– Я всегда думала, что эта аллегория означает: «Слепы к пристрастию, но не бесчувственны к правам».
– Боюсь, что как раз чувство может убить наши надежды… Впрочем, посмотрим. Надеюсь, мой сын за последнее время проявил к тебе больше должного уважения? Я знаю, мальчика не придется уговаривать оказать честь моей воспитаннице, красивейшей девушке Венеции. Ты уж прими его как друга ради любви к его отцу.
Донна Виолетта с подобающей сдержанностью присела в поклоне.
– Двери моего дворца всегда открыты для синьора Джакомо, когда этого требуют вежливость и приличие, – холодно сказала она. – Сын моего опекуна не может не быть почетным гостем в моем доме.
– Я бы заставил его быть внимательным… и даже больше… мне бы хотелось, чтобы он доказал тебе хоть малую долю того глубокого уважения… Впрочем, люди здесь завистливы, донна Флоринда, и у нас осторожность – высшая добродетель. И если юноша не так пылок и настойчив, как мне бы хотелось, то поверьте, это только из боязни преждевременно вызвать подозрительность тех, кто интересуется судьбой нашей воспитанницы.
Обе женщины поклонились и плотнее завернулись в свои мантильи, явно собираясь уходить. Донна Виолетта попросила благословения и, получив его, обменялась с хозяином дома несколькими вежливыми фразами, а затем вместе со своей спутницей вернулась в гондолу.
Синьор Градениго некоторое время молча шагал по кабинету, в котором он принимал свою воспитанницу. Во всем огромном дворце не было слышно ни звука; тишина и настороженность царили в нем, словно в это жилище прокрались тишина и настороженность города. Наконец сенатор увидел через открытые двери молодого человека, в чертах и манерах которого можно было безошибочно узнать светского гуляку и кутилу. Он слонялся по комнатам, пока сенатор не приказал ему подойти.
– Тебе, как всегда, не повезло, Джакомо, – сказал сенатор с упреком и отеческой лаской в голосе. – Донна Виолетта удалилась отсюда всего лишь минуту назад, а тебя не было. Какая-нибудь недостойная интрижка с дочерью ювелира или, что еще хуже, сделка с ее отцом отнимают все твое время, которое можно было бы употребить гораздо лучше и выгоднее.
– Ты несправедлив ко мне, – ответил юноша, – ни ювелира, ни его дочери я сегодня не видел.
– Это из ряда вон выходящее событие! Моя опека над донной Виолеттой предоставляет нам очень удобный случай, и я хотел бы знать, Джакомо, удается ли тебе им воспользоваться и достаточно ли ясно ты понимаешь всю важность этого моего совета.

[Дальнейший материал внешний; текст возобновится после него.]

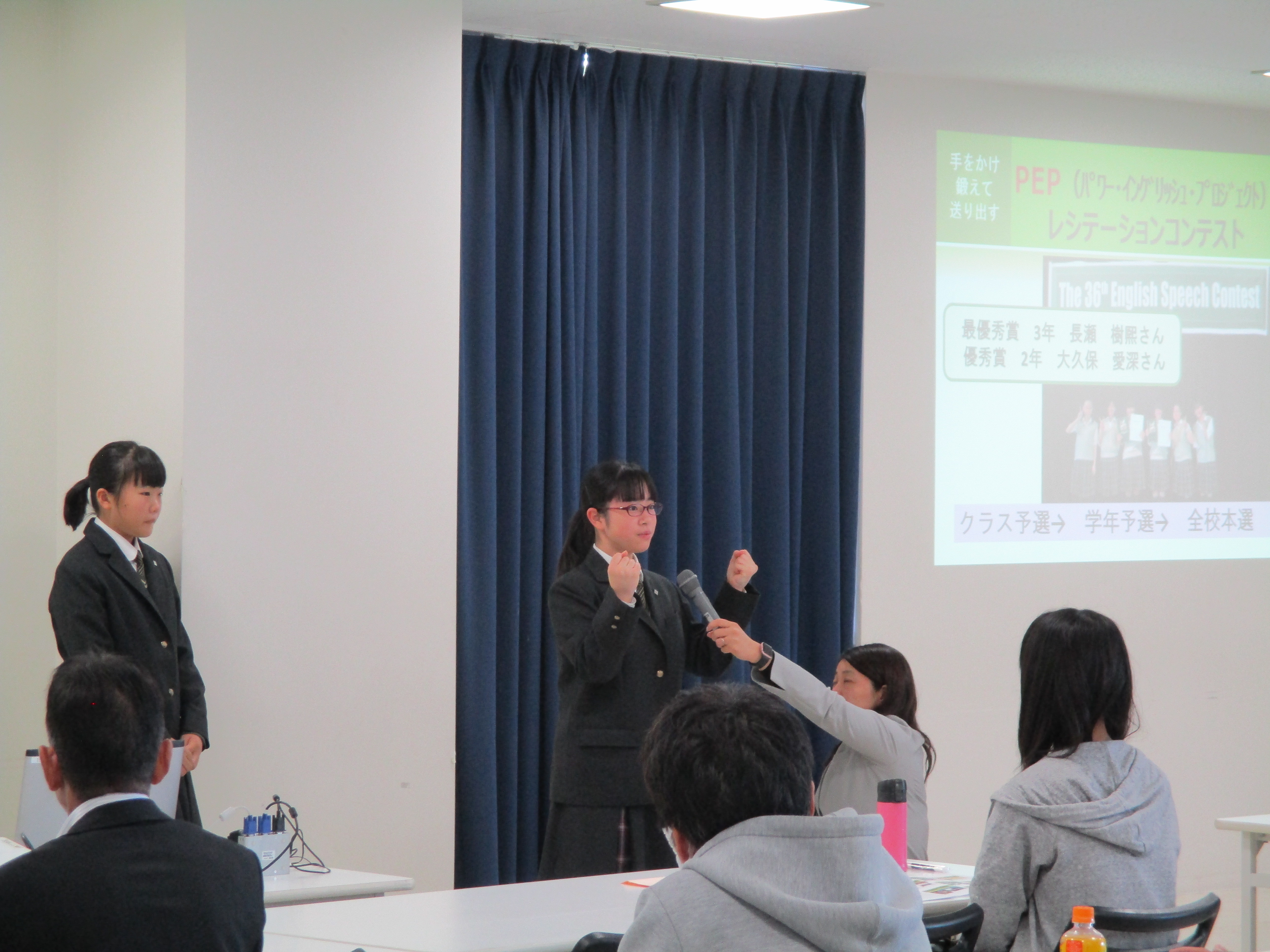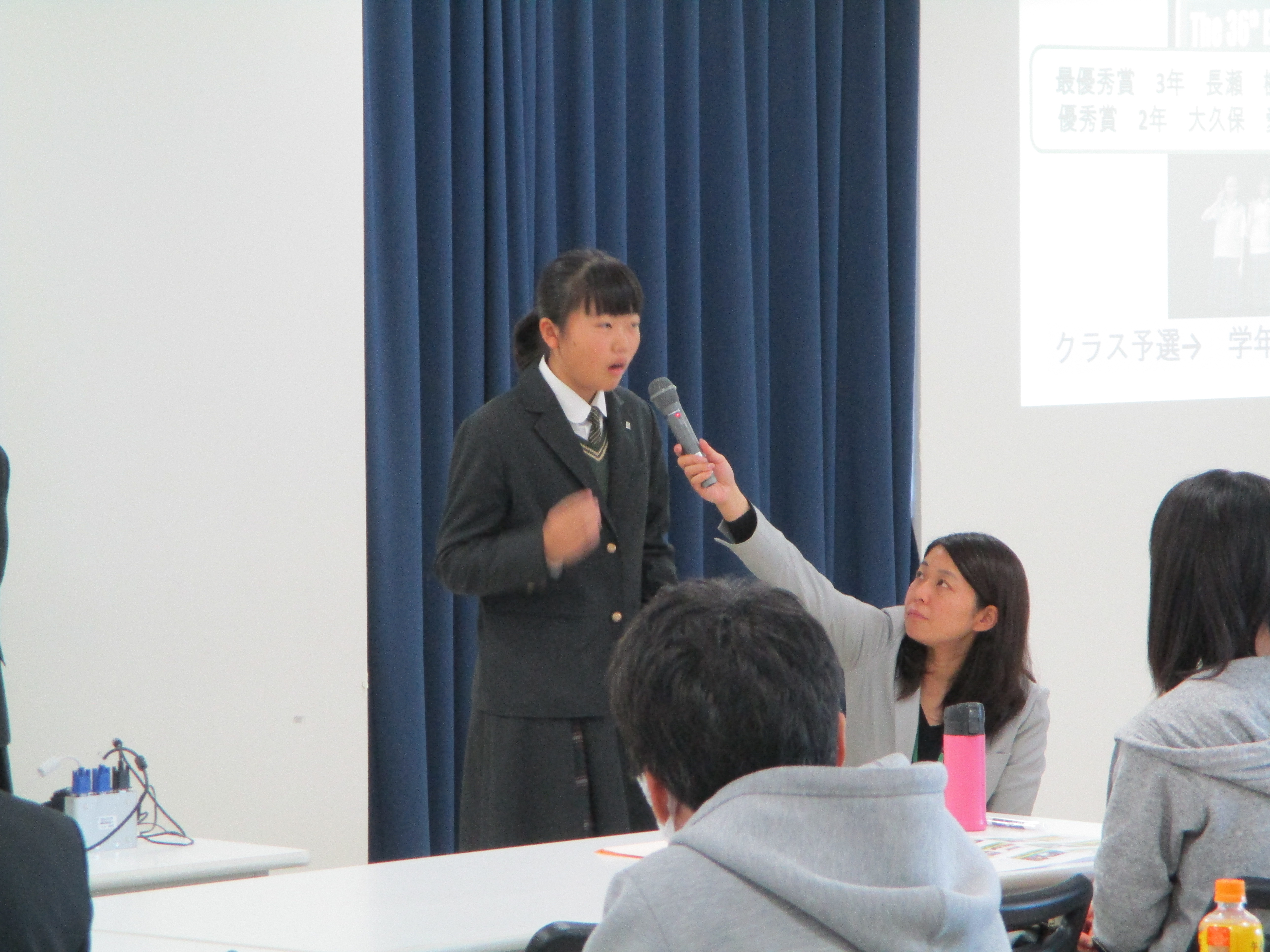 本日は午前中に、第8回学校説明会と第3回腕だめしテストを実施いたしました。たくさんの方々にご来校いただきありがとうございました。学校説明会では、城川校長による取組みの説明のほか、パワー・イングリッシュ・プロジェクト(英語力強化のための独自のプログラム)の説明をさせていただきました。また、再来校の方には、IB教育、国語教育、理科教育についてのさらに具体的な説明をさせていただきました。初来校の方には本校の概要と特徴がよくわかる工夫を、再来校の方にはさらに具体的な内容と授業の様子がよくわかる工夫をしてお話しさせていただいています。また、本校のレシテーションコンテストで優秀賞と最優秀賞を受賞した生徒のレシテーション(暗唱)をご披露いたしました。さらに、6期生(現高2)の今年度交換留学生2名に英語でインタビューをしました。次回の学校説明会は11月30日(土曜日)に行い、この日は授業見学も可能です。ご来校をお待ちしています。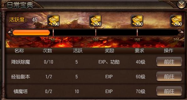 日常任务中包含了除魔、经验副本与镇魔塔等,都能为玩家带来丰厚的经验。降妖除魔每天可进行十次,经验副本和镇魔塔各可完成两次。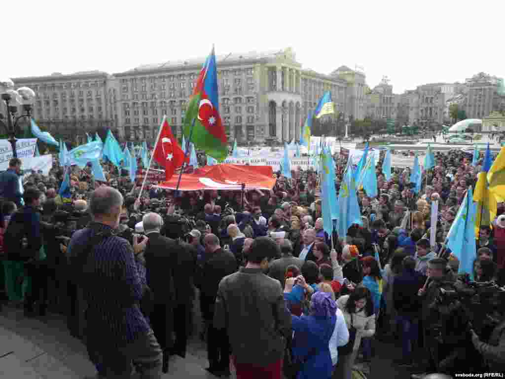 18 траўня ў Кіеве на Майдане Незалежнасьці некалькі тысяч чалавек сабраліся, каб ушанаваць ахвяраў дэпартацыі крымскататарскага народу, якая адбылася ў 1944 годзе.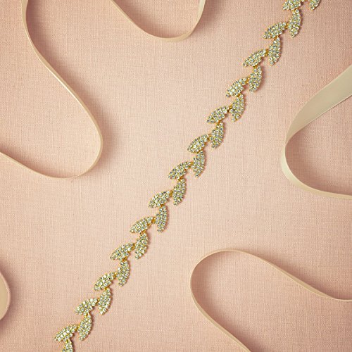 A bridal sash of tiny rhinestone studded leaves that cinch the waist with subtle sparkle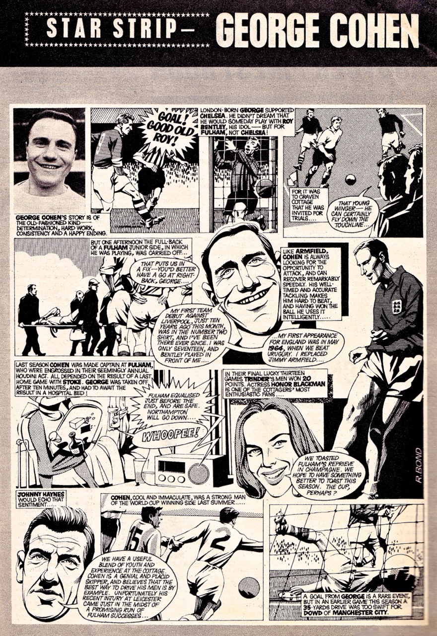 EnglandEngland international right back George Cohen is the subject of this Star Strip edition and it’s certainly one of artist Bob Bond’s more expansive efforts. While the Fulham man was a fine player and model professional, his life story was less incident packed than many of the players we have featured in the series. Perhaps conscious of the lack of drama, Bob really goes to town on pushing the abstract and Cohen’s strip duly features a frankly disconcerting frame of the player drawn in a Cheshire Cat style; another of him scattering the contents of his hospital room when celebrating his team avoiding relegation and an odd cameo by the actress Honor Blackman.

– Будьте спокойны, отец. Тому, кто, как я, страдает от отсутствия звонкого металла, которого у донны Виолетты более чем достаточно, не нужно никаких напоминаний на этот счет. Отказав мне в карманных деньгах, вы, отец, вынудили меня согласиться на ваш план. Ни один дурак во всей Венеции не вздыхает под окнами своей возлюбленной красноречивее меня. Когда у меня подходящее настроение, я не пропускаю ни одного удобного случая, чтобы выразить свои нежные чувства.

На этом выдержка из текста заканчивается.